• Sarah Whiteford

Container shipping - How does it work?

Shipping containers are the standardized metal box in which most of the world’s goods are transported. Today we’re going to take a look at how they are measured, where they came from, and how the vessels that transport them work. It includes a 60-year-old container design, automated transport, huge cranes, and giant ships.


Shipping containers are measured by TEU, or Twenty Foot Equivalent. This is a measure of how large a container is, and is the standard measure for all shipping. One TEU is a 20 foot long container and two TEU can be two 20-foot containers or one 40-foot container, with 40 being the most common. Standard 40-foot containers can be referred to as two TEU or one FEU, where FEU stands for “forty-foot container”. These standards have to do with space constraints, as the weight of a container can vary widely depending on the cargo.


“Two forty-foot containers stacked on top of two twenty-foot containers. These four containers represent 6 TEU.” “By Torsten Bätge, Hamburg - Self-photographed, CC BY-SA 3.0”. Image from Wikipedia.

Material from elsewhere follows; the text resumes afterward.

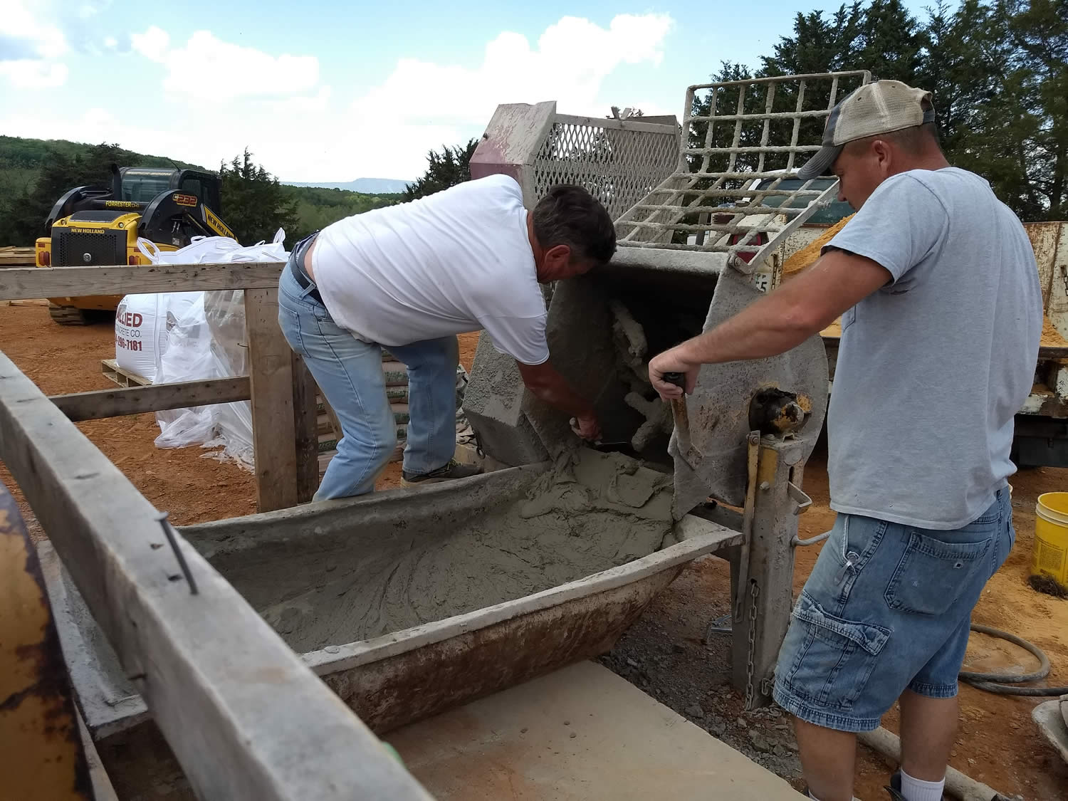 Earth-moving equipment has contoured the surrounding slopes into the foundation for a four-tiered formal garden—the Garden of the Four Immeasurables. Footpaths will lead from the lower end of the land through the garden up to the temple. A large concrete area in front of the temple will provide a gathering place for outdoor events and for the cham (ritual dances), an integral part of every drubchen (the full practice of a sadhana over seven to ten consecutive days).

Where did these measurements come from?


In the early 1900s, a trucking entrepreneur named Malcolm McLean thought that the container loading and unloading process was inconvenient and tedious. Barrels, crates, sacks, pallets, and anything that could hold goods were loaded piece by piece for transport. According to iContainers, McLean was at the docks one day and “thought there must be a better way to streamline and standardize the whole process”. He set to work to find a way to stop loading cargo individually, and created a standard sized cargo container that could be loaded without touching the cargo inside. He sold his trucking company and designed the containers, soon after buying an oil tanker called the Ideal X and converting it to hold 58 containers. The ship sailed from New Jersey to Houston in April 1956 with its new cargo, the first voyage for containers. McLean used 35 foot containers while Matson’s, a competitor, used 24 foot containers. The US Government wanted further standardization of container sizes, and ISO decided in 1968 that 20-foot and 40-foot containers would be the standard.


Malcolm McLean at the docks. Image from iContainers.

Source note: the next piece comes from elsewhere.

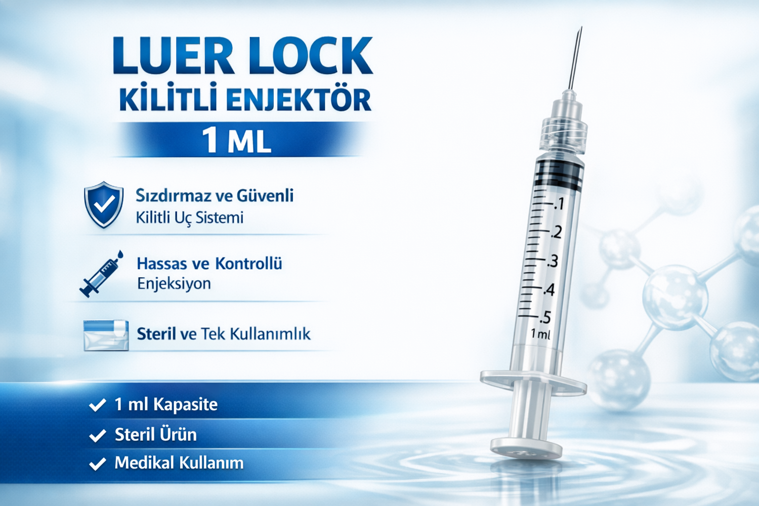 1 ml Luer Lock kilitli enjektör, medikal uygulamalarda güvenli ve sızdırmaz enjeksiyon için tasarlanmıştır. Kilitli uç yapısı sayesinde iğne bağlantısı sağlam şekilde sabitlenir ve sıvı kaçırma riskini azaltır. Hastaneler, klinikler, laboratuvarlar ve evde kullanım için uygundur. Ürün 10 adet, 25 adet, 50 adet, 75 adet ve 100 adet paket seçenekleriyle sunulmaktadır.

TEU is now used for containers, but also to measure ship capacity and port throughput. Ships are categorized according to approximate capacity, and according to iContainers, estimated sizes are as follows:


  • Small feeder: Up to approximately 1,000TEU

  • Feeder: Approx. 1,000 to 2,000TEU

  • Feedermax: Approx. 2,000 to 3,000TEU

  • Panamax vessels: Approx. 3,000 to 5,000TEU

  • Post Panamax vessels: Approx. 5,000 to 10,000TEU

  • New Panamax (or Neopanamax) vessels: Approx. 10,000 to 14,500TEU

  • Ultra Large Container Vessel (ULCV): Approx. 14,500TEU and above


TEU is a good measurement for ports, as well as a dollar value like $1 billion of goods moved or an area of 1,000 acres doesn’t mean much. TEU can effectively measure that throughput with ports like Los Angeles and Long Beach moving over 16 million TEU per year. Ports in Shanghai and Shenzhen, China move over 65 million TEUs per year!


“Goliath of global trade: The container pier at Yangshan Port, which forms part of the Port of Shanghai which last year handled nearly 740million tonnes of goods last year”. Image from Daily Mail.


There are also flat rack and open top shipping containers that can be used for Out of Gauge (OOG) cargo that wouldn’t fit inside a normal container. According to Marine Insight, OOG cargo could include wind turbine blades, industrial boilers, or a bulldozer. Open containers come in 20-foot and 40-foot lengths just like closed containers. Other less common sizes exist like 40-foot high cube, which are 1-foot taller than normal 40-foot containers, and 45-foot containers, which are slightly longer than standard. Internal dimensions of containers are slightly less than the outer measurements, with 20 feet being the overall length of a TEU, while the internal loading area is approximately 19 feet, 4 inches. They can be loaded with up to 24 metric tons, or 24,000 kilograms of weight, in addition to the weight of the container itself, about 2.24 metric tons. Unless the weight is below 1 ton, weight is used to calculate the cost of shipping.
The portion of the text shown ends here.